* **RECORDS FOR THIS EXERCISE**:
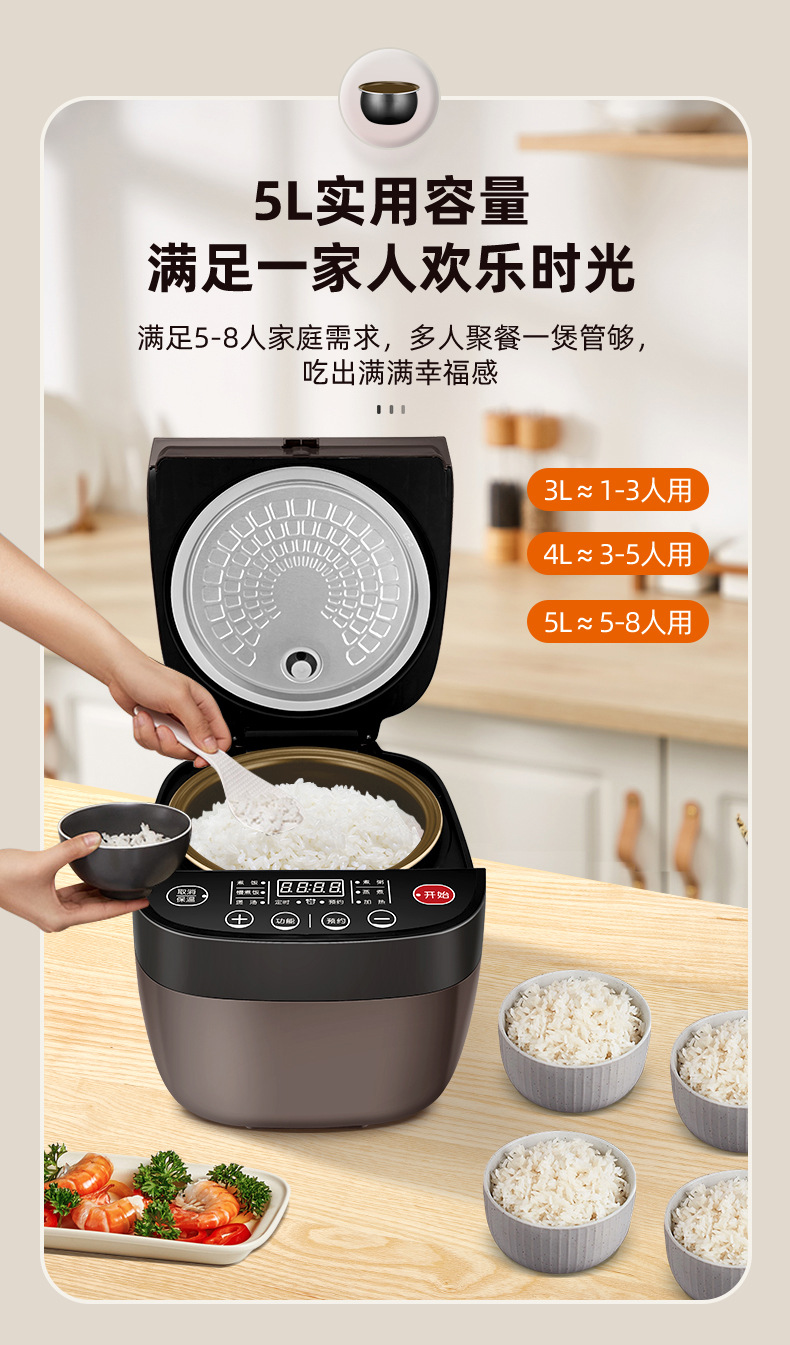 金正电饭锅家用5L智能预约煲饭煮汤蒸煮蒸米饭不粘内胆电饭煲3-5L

* * *

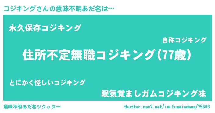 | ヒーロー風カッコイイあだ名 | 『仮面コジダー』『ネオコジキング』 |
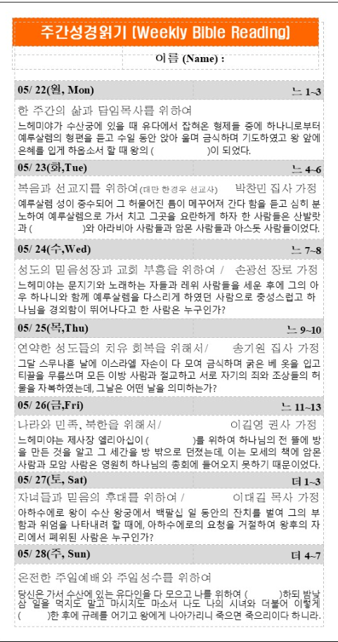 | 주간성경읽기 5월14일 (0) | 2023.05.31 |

* **THE PROBLEM**: What you return must match, character for character, the lines above from the one with "ヒーロー風カッコイイあだ名 | 『仮面コジダー』『ネオコジキング』 |" through the one with "(0) | 2023.05.31 |", minus any pictures.

* **EXERCISE RESPONSE**:
 | ヒーロー風カッコイイあだ名 | 『仮面コジダー』『ネオコジキング』 |
 | 주간성경읽기 5월14일 (0) | 2023.05.31 |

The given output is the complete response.